BEGIN Dataset extract

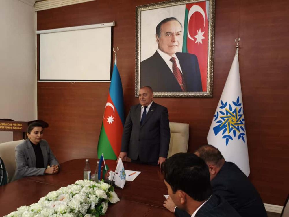 YAP Tərtər rayon təşkilatının qərargahında keçirilən görüşdə əvvəlcə Yeni Azərbaycan Partiyasının yaradıcısı Ümummilli Lider Heydər Əliyevin və torpaqlarımızın suverenliyi uğrunda canlarından keçmiş şəhidlərin ruhu bir dəqiqəlik sükutla yad edilib.
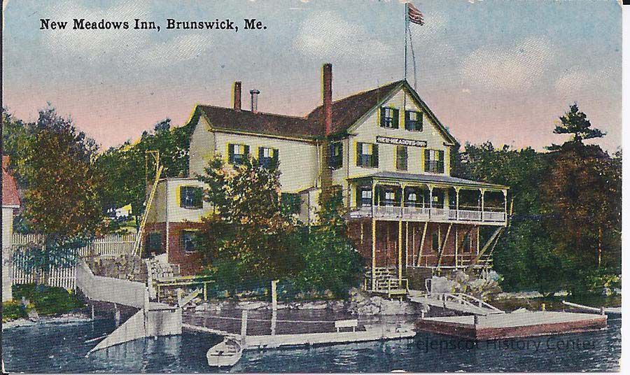 A colored miniature postcard view of the New Meadows Inn. Undated
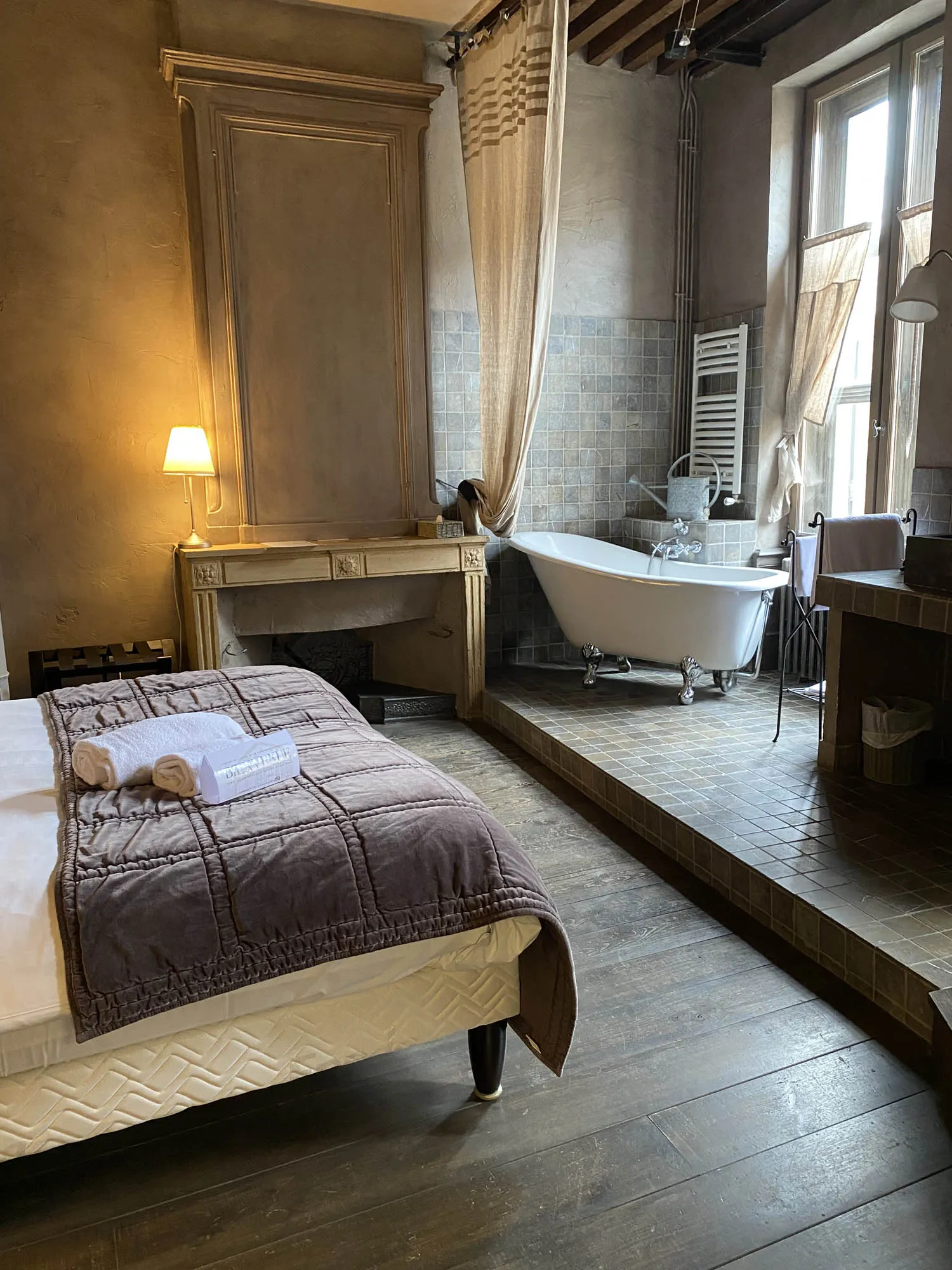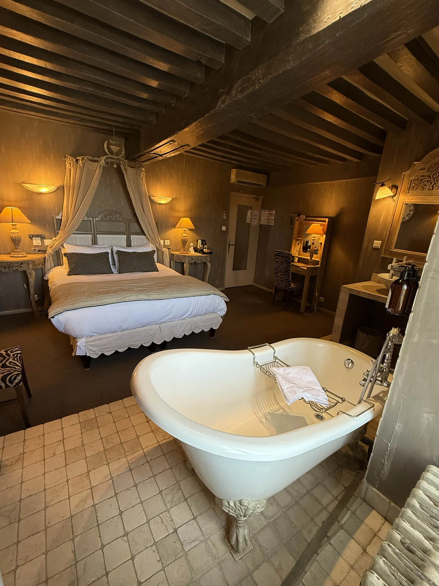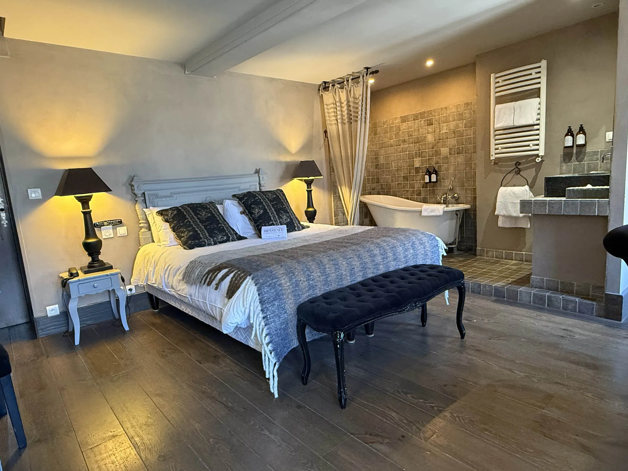 Spacieuse et élégante, la chambre Deluxe mêle raffinement et confort. Sa décoration soigneusement travaillée crée une atmosphère propice à la détente. Certaines chambres se distinguent par des éléments uniques, comme une salle de bain nichée dans la tour médiévale ou une vue privilégiée sur les toits de la cité historique.
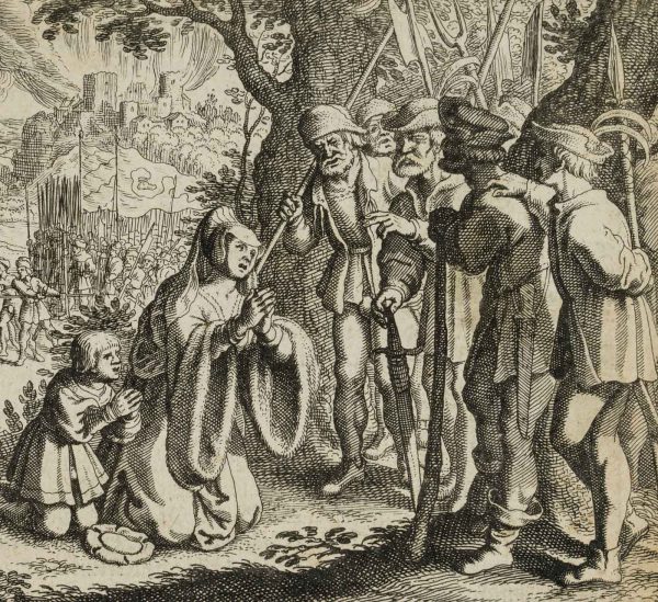 Matthäus Merian (1621 Basel – 1687 Frankfurt am Main), Gräfin Helfenstein bittet Jäcklein Rohrbach um Gnade für ihren Mann, , Kupferstich
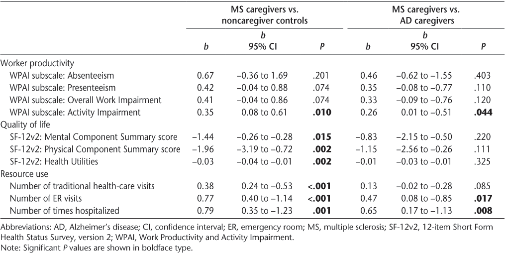 Adjusted comparisons from the multivariable regressions were consistent with the bivariate results. Adjusting for covariates, MS caregivers had greater activity impairment (P < .05), more ER visits (P < .05), and more hospitalizations (P < .01) than AD caregivers. MS caregivers and AD caregivers showed no significant differences on MCS, PCS, or health utility scores, as well as no significant differences on the other WPAI components (Table 4).
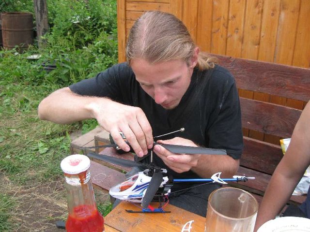 Потом Савелий ебанул вертолётом точно в провод ЛЭПа, и на этот раз полчаса искали сервоось (палочка с грузиками сверху). Она, кстати, постоянно отстыковывалась при ахтунг-посадках и прочих уебахтунгах :)
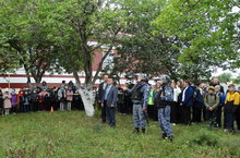 Учащиеся и персонал школы, надев ватно-марлевые повязки организованно покинули здание школы и, собравшись в пункте сбора, наблюдали за слаженными действиями, прибывшей пожарной команды.
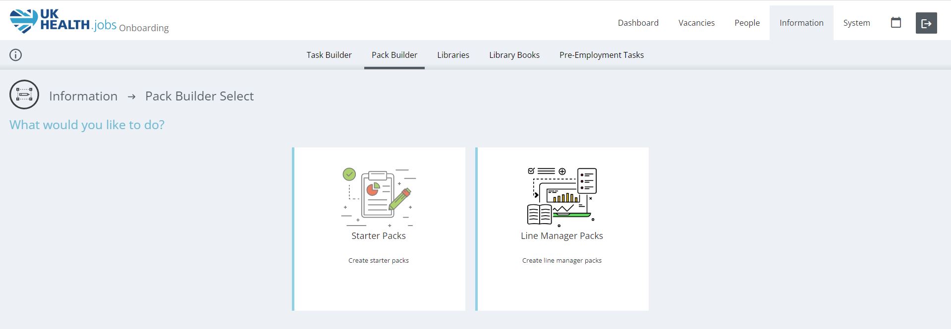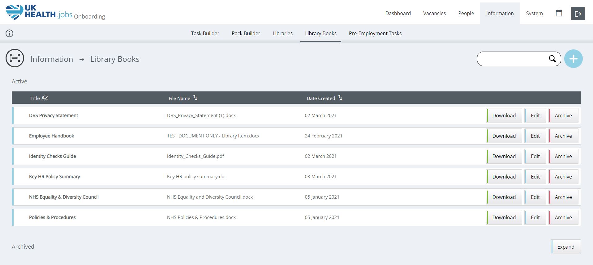The Libraries section holds packs of documents and relevant information that the Onboarding candidates need to have access too, such as policies and procedures, guides, leaflets, documents.
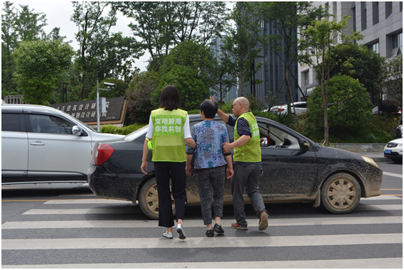 队员齐动手,对建勘大厦周围公共绿地的卫生环境以及卫生死角进行了清理。有人一手拿着垃圾袋,一手拿着竹夹子,有人拿着笤帚、簸箕等遍布在小区的各个角落,捡拾白色垃圾;马路上,遇到年老的长者和有孕的妇人,队员们也自发地走上前,搀扶长者及孕妇在来往的车辆中通过马路。

END Dataset extract

All of the entries above must be reproduced exactly, and no image may be included.

Your response =>
 YAP Tərtər rayon təşkilatının qərargahında keçirilən görüşdə əvvəlcə Yeni Azərbaycan Partiyasının yaradıcısı Ümummilli Lider Heydər Əliyevin və torpaqlarımızın suverenliyi uğrunda canlarından keçmiş şəhidlərin ruhu bir dəqiqəlik sükutla yad edilib.
 A colored miniature postcard view of the New Meadows Inn. Undated
 Spacieuse et élégante, la chambre Deluxe mêle raffinement et confort. Sa décoration soigneusement travaillée crée une atmosphère propice à la détente. Certaines chambres se distinguent par des éléments uniques, comme une salle de bain nichée dans la tour médiévale ou une vue privilégiée sur les toits de la cité historique.
 Matthäus Merian (1621 Basel – 1687 Frankfurt am Main), Gräfin Helfenstein bittet Jäcklein Rohrbach um Gnade für ihren Mann, , Kupferstich
 Adjusted comparisons from the multivariable regressions were consistent with the bivariate results. Adjusting for covariates, MS caregivers had greater activity impairment (P < .05), more ER visits (P < .05), and more hospitalizations (P < .01) than AD caregivers. MS caregivers and AD caregivers showed no significant differences on MCS, PCS, or health utility scores, as well as no significant differences on the other WPAI components (Table 4).
 Потом Савелий ебанул вертолётом точно в провод ЛЭПа, и на этот раз полчаса искали сервоось (палочка с грузиками сверху). Она, кстати, постоянно отстыковывалась при ахтунг-посадках и прочих уебахтунгах :)
 Учащиеся и персонал школы, надев ватно-марлевые повязки организованно покинули здание школы и, собравшись в пункте сбора, наблюдали за слаженными действиями, прибывшей пожарной команды.
The Libraries section holds packs of documents and relevant information that the Onboarding candidates need to have access too, such as policies and procedures, guides, leaflets, documents.
 队员齐动手,对建勘大厦周围公共绿地的卫生环境以及卫生死角进行了清理。有人一手拿着垃圾袋,一手拿着竹夹子,有人拿着笤帚、簸箕等遍布在小区的各个角落,捡拾白色垃圾;马路上,遇到年老的长者和有孕的妇人,队员们也自发地走上前,搀扶长者及孕妇在来往的车辆中通过马路。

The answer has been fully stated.